The data:
-- Opening Marker --
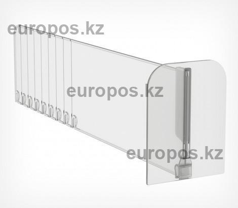 Разделители имеет насечки для обламывания с шагом 25 мм, что позволяет уменьшить разделитель под размер Вашей полки. Материал прозрачный ударопрочный пластик.
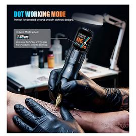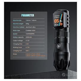 Vendo per inutilizzo (confezione ancora sigillata) Penna Rotante Professionale LIUMATE in lega di alluminio spaziale, colore nero. Si tratta di una macchina per tatuaggi wireless ad alte prestazioni, ideale per chi cerca precisione, autonomia e versatilità in un unico strumento. Caratteristiche Principali: Motore Coreless ad alta precisione: Potente (fino a 12V/9000 giri/min), estremamente silenzioso e con vibrazioni ridotte al minimo. Non si surriscalda anche dopo sessioni prolungate. 7 Corse Regolabili (Stroke): Versatilità massima con lunghezze di corsa selezionabili: 2.3mm, 2.7mm, 3.0mm, 3.4mm, 3.8mm, 4.2mm e 4.5mm. Perfetta sia per linee sottili che per sfumature (shading) e riempimenti pieni. Doppia Batteria da 2200 mAh: Incluse nella confezione 2 batterie ricaricabili. Ogni batteria garantisce 7-10 ore di lavoro continuo con una ricarica rapida di sole 2-3 ore. Display OLED a colori: Schermo ad alta definizione per monitorare in tempo reale tensione, tempo di sessione, modalità e stato della batteria. Funzioni Smart: * 3 Modalità di memoria (M1-M3) per salvare i tuoi voltaggi preferiti. Timer integrato per gestire la durata del lavoro. Auto-spegnimento dopo 5 minuti di inattività per preservare la batteria. Specifiche Tecniche: Marca: LIUMATE Materiale: Lega di alluminio aeronautico Colore: Nero Pezzi totali nel set: 32 (include accessori/aghi/ricambi come da confezione originale)
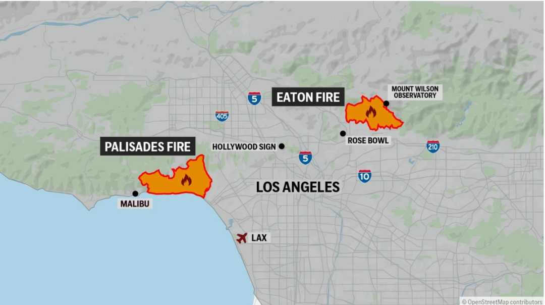 目前,洛杉矶火情最为严重的伊顿火区和帕利塞德火区仍难以控制。其中,帕利塞德斯大火仅得到11%的控制,伊顿大火也仅得到27%的控制。这两个火区合计覆盖面积近153平方公里。
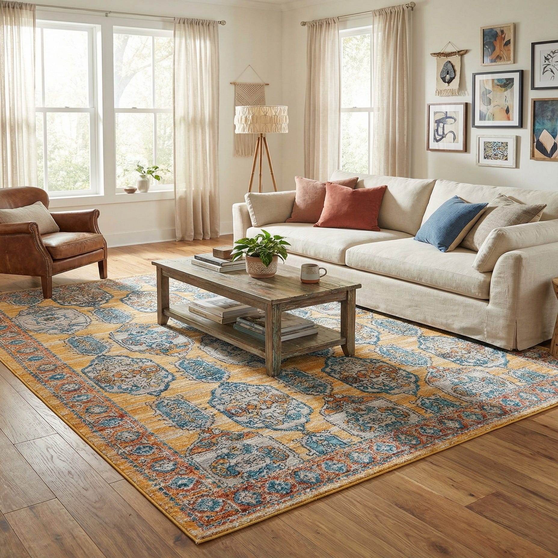 Primary color is Yellow. Colors in this rug include: Yellow, Blue, Ivory, Light Blue, Orange, Rust Red, Terracotta.
-- Closing Marker --
Exercise instructions:
Reproduce the material above in full, images excluded.

Result of the exercise:
 Разделители имеет насечки для обламывания с шагом 25 мм, что позволяет уменьшить разделитель под размер Вашей полки. Материал прозрачный ударопрочный пластик.
 Vendo per inutilizzo (confezione ancora sigillata) Penna Rotante Professionale LIUMATE in lega di alluminio spaziale, colore nero. Si tratta di una macchina per tatuaggi wireless ad alte prestazioni, ideale per chi cerca precisione, autonomia e versatilità in un unico strumento. Caratteristiche Principali: Motore Coreless ad alta precisione: Potente (fino a 12V/9000 giri/min), estremamente silenzioso e con vibrazioni ridotte al minimo. Non si surriscalda anche dopo sessioni prolungate. 7 Corse Regolabili (Stroke): Versatilità massima con lunghezze di corsa selezionabili: 2.3mm, 2.7mm, 3.0mm, 3.4mm, 3.8mm, 4.2mm e 4.5mm. Perfetta sia per linee sottili che per sfumature (shading) e riempimenti pieni. Doppia Batteria da 2200 mAh: Incluse nella confezione 2 batterie ricaricabili. Ogni batteria garantisce 7-10 ore di lavoro continuo con una ricarica rapida di sole 2-3 ore. Display OLED a colori: Schermo ad alta definizione per monitorare in tempo reale tensione, tempo di sessione, modalità e stato della batteria. Funzioni Smart: * 3 Modalità di memoria (M1-M3) per salvare i tuoi voltaggi preferiti. Timer integrato per gestire la durata del lavoro. Auto-spegnimento dopo 5 minuti di inattività per preservare la batteria. Specifiche Tecniche: Marca: LIUMATE Materiale: Lega di alluminio aeronautico Colore: Nero Pezzi totali nel set: 32 (include accessori/aghi/ricambi come da confezione originale)
 目前,洛杉矶火情最为严重的伊顿火区和帕利塞德火区仍难以控制。其中,帕利塞德斯大火仅得到11%的控制,伊顿大火也仅得到27%的控制。这两个火区合计覆盖面积近153平方公里。
 Primary color is Yellow. Colors in this rug include: Yellow, Blue, Ivory, Light Blue, Orange, Rust Red, Terracotta.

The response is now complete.